Unlike traditional depictions that separate heaven and earth into orderly registers, Michelangelo creates a single, swirling vortex of bodies. More than 300 figures—saints, angels, the saved, and the damned—are caught in a vast circular motion radiating from the commanding figure of Christ. His raised arm signals the moment before the divine verdict is spoken, a gesture that both summons and restrains the chaos around him.
Beside Christ, the Virgin Mary turns her head in quiet resignation, no longer interceding but awaiting the outcome with the rest of humanity. Around them cluster saints identifiable by their attributes:
St. Peter with his keys
St. Bartholomew holding his flayed skin—often read as Michelangelo’s self‑portrait
St. Catherine of Alexandria with her wheel
St. Sebastian with his arrows
The lower half of the fresco stages the drama of resurrection and damnation. On the left, the saved rise with the help of angels, reclaiming their bodies as they ascend. On the right, demons drag the condemned downward in a violent struggle. At the very bottom, Michelangelo borrows imagery from Dante’s Inferno: Charon ferries the damned across the river, while Minos—coiled by a serpent—awaits them as judge.

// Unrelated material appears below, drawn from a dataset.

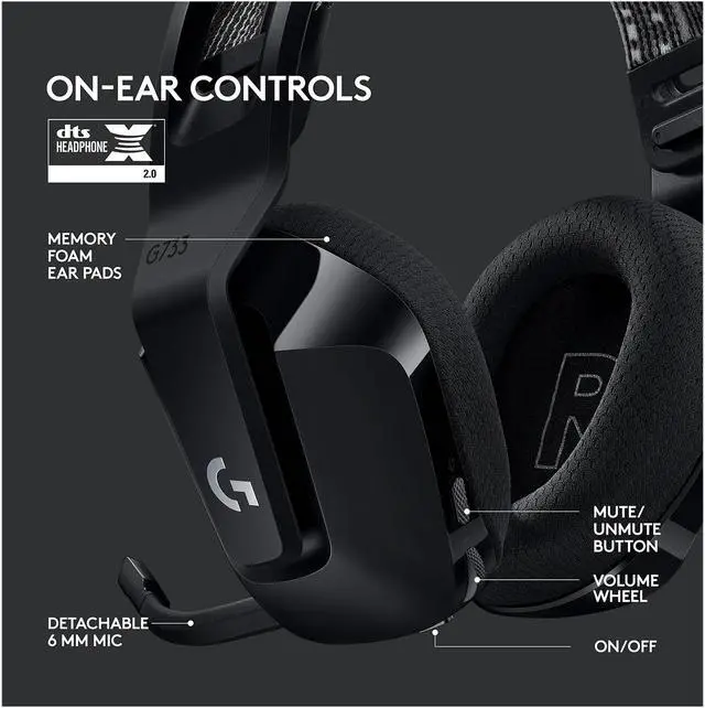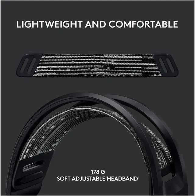 Long-Lasting ComfortLightweight (278g) with unique reversible and adjustable suspension headband and dual-layer memory foam earpads.Advanced AudioPro-G drivers and DTS Headphone: X2.0 surround create an immersive sound experience.Vibrant ColorsExpress yourself with a diverse choice of bold colors. Accessories available separately.LIGHTSPEED WirelessPro-grade wireless with up to 29 hours of battery life and 20m range.Front-Facing LIGHTSYNC RGB LightingCustomize dual-zone RGB lighting and effects from approx. 16.8 million colors.Blue VO!CE Mic TechnologyTune the detachable mic for ultra-clear voice comms with advanced noise reduction ,compression ,de-esser and more. |

The fresco’s palette is more restrained than the ceiling’s, dominated by flesh tones and sky. Yet restoration revealed flashes of orange, green, yellow, and blue that animate the composition. The muscular bodies—Michelangelo’s signature—are rendered with sculptural intensity, their twisting forms amplifying the sense of agitation and existential dread.
From the moment it was unveiled in 1541, The Last Judgment provoked both admiration and outrage. Critics objected to the abundance of nude figures in a papal chapel. Biagio da Cesena, the papal master of ceremonies, famously declared it more suited to “stoves and taverns” than a sacred space. In response, the Council of Trent ordered many of the nudes to be covered, a task carried out by Daniele da Volterra—earning him the nickname Il Braghettone, “the breeches-maker.”
Today, The Last Judgment is recognized as one of Michelangelo’s greatest achievements: a monumental meditation on human vulnerability, divine justice, and the tension between salvation and despair. Its emotional intensity, anatomical daring, and theological ambition continue to challenge and fascinate viewers nearly five centuries later.